Years ago a company on the Hudson River that supplied common brick to builders in New York built a new dryer to save labor. But while the company was spending its capital to build its new dryer, the demand for common brick was being replaced by a demand for quality face brick. The company’s new dryer, of course, would neither cut its firing losses nor help produce face brick, and the company had little hope of recovering its investment. Had it built a better kiln instead, the company would have been able to meet the market demand and make a handsome profit by producing face brick that sold at a premium price. Needless to say, that company is long gone.
It’s nice to be able to sell what you love, but the market may love some little thing you think is “dumb.” If that’s what they want, then make lemonade out of that lemon. Sell that item, and experiment with other, similar items to see how they sell.
Once you know what the market wants, you’ll be better able to determine what equipment can help you meet those demands.
Growing your BusinessAs the examples in this article have illustrated, potters looking to grow their business should look to the large industrial producers, who are both cost and quality conscious. Don’t be fooled by the capital cost of a new process—it may even pay for itself with the savings. Additionally, don’t ignore your losses. Decreasing your losses will not only provide you with increased profit, but can also give you enough capital to pay for better equipment. Finally, be conscious of where your market is heading. If you don’t make what your customers want, it won’t be long before you have no customers.
The Circle of InvestmentThree years ago, an Arkansas ceramic company began making trivets from a unique ceramic material that allows the accumulation of condensation on the side of a cold glass in the summer to be absorbed rather than run over the sides of the trivet onto the table the customer is trying to protect. The company’s sales grew steadily, and it wasn’t long before the company needed to expand.
The company started with a mechanical press and a few top loading electric kilns. As the company grew, it bought more electric kilns and more used mechanical presses. It wasn’t long before the company was operating 20 electric kilns, and its energy and labor costs were through the roof. It wisely replaced the electric kilns with a used gas kiln, which greatly increased efficiency.
Now that the company had more firing capacity it could fire more pieces, so a larger press was the next investment. Adding a modern kiln reduced costs even further. The company then improved its mixing and batching area to greatly reduce the labor time involved, as well as to improve dust collection. Later the company bought a hydraulic press that enabled it to more fully automate its pressing process and further reduce its labor cost per piece.

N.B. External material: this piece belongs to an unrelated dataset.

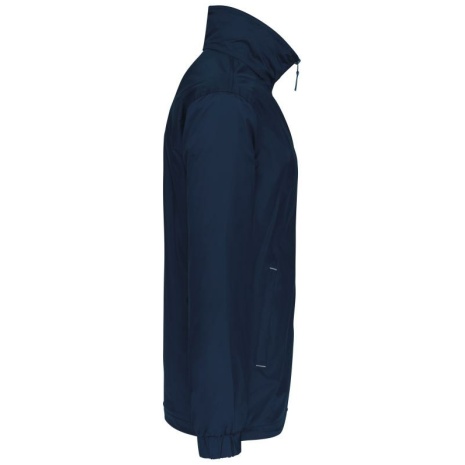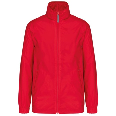 Gevoerde windbreaker herenย Sterk, soepel en onderhoudsvriendelijk materiaal. Voering van lichaam en mouwen om de warmte goed vast te houden. Acrylcoating voor een betere waterdichtheid van de stof. 100% polyamide 210 T met acryl inductie. Ritssluiting. 2 voorzakken met contrasterende stopstiksels. 1 binnenzak. Binnenvoering in 100 % polyester: 3/4 in polytricot et 1/4 in net. Voering van de mouwen in 100% polyester. Elastisch aanrijgkoord met stoppers aan de onderkant. Capuchon verwerkt in de kraag. Drukkersrits.
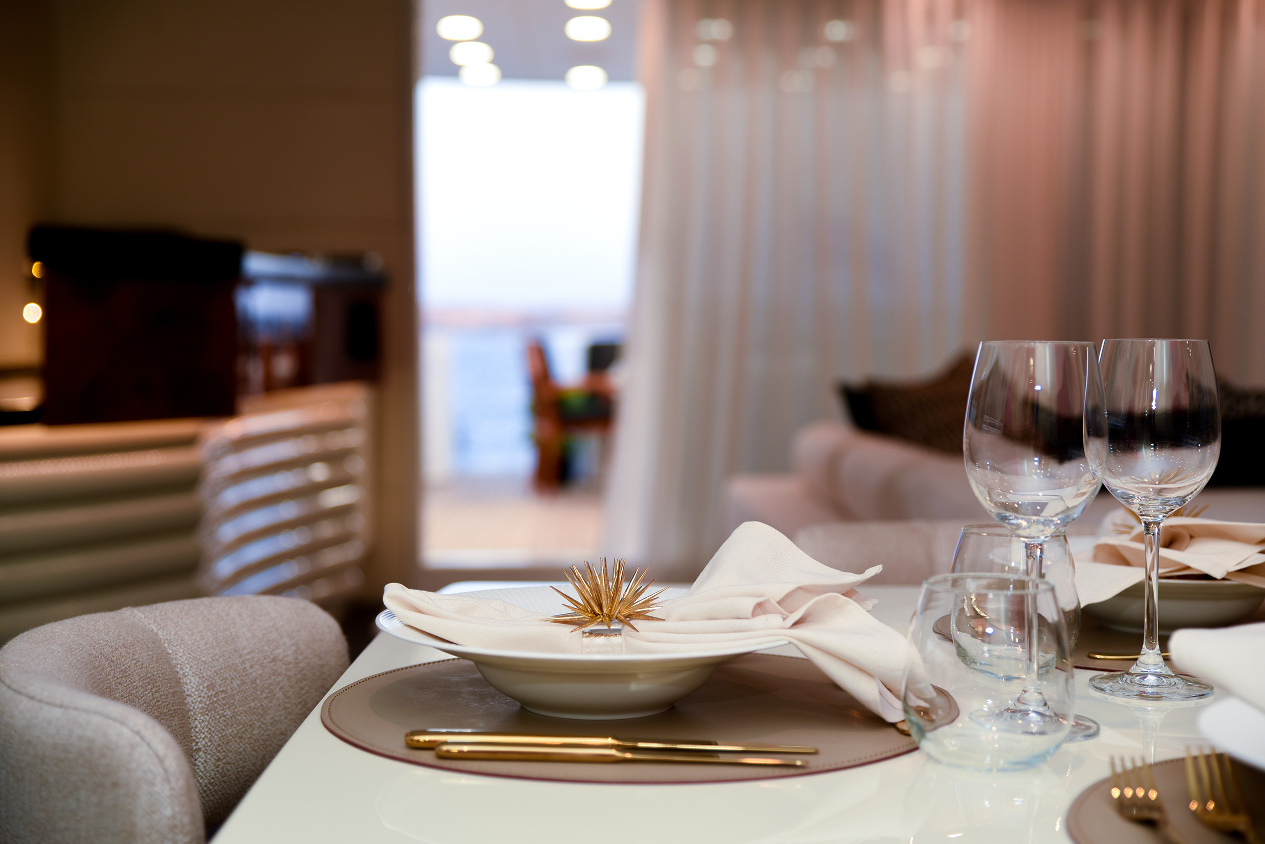 She boasts a swim platform, making accessing the crystal-clear waters of the Mediterranean effortless. BROOKLYN is the perfectly sized vessel for family holidays on the water boasting five spacious staterooms that can be configured to sleep up to 10 guests. Her voluminous full-beam Master Suite on main deck with sauna includes a luxurious en-suite bathroom with a sauna and a separate area that can be used as an office . Her remaining VIP, Double, and Twin Staterooms ensure guests enjoy the height of luxury, privacy, and exclusivity.

Some of the equipment this company bought was very expensive, yet in terms of the cost per piece produced it was very cheap. And while the company didn’t buy all of its equipment overnight, it planned ahead so that it could invest in the future. Certainly it didn’t have the money to buy a big hydraulic press when it first started, yet it knew what it needed, and as soon as one purchase was paid off, it was able to invest in the next one. And because each purchase was made wisely, each piece of equipment began returning its investment as soon as it went on line.
As this company continues to control costs and improve quality, its sales continue to advance. At the same time, it is able to improve its product line to continue meeting customer demand.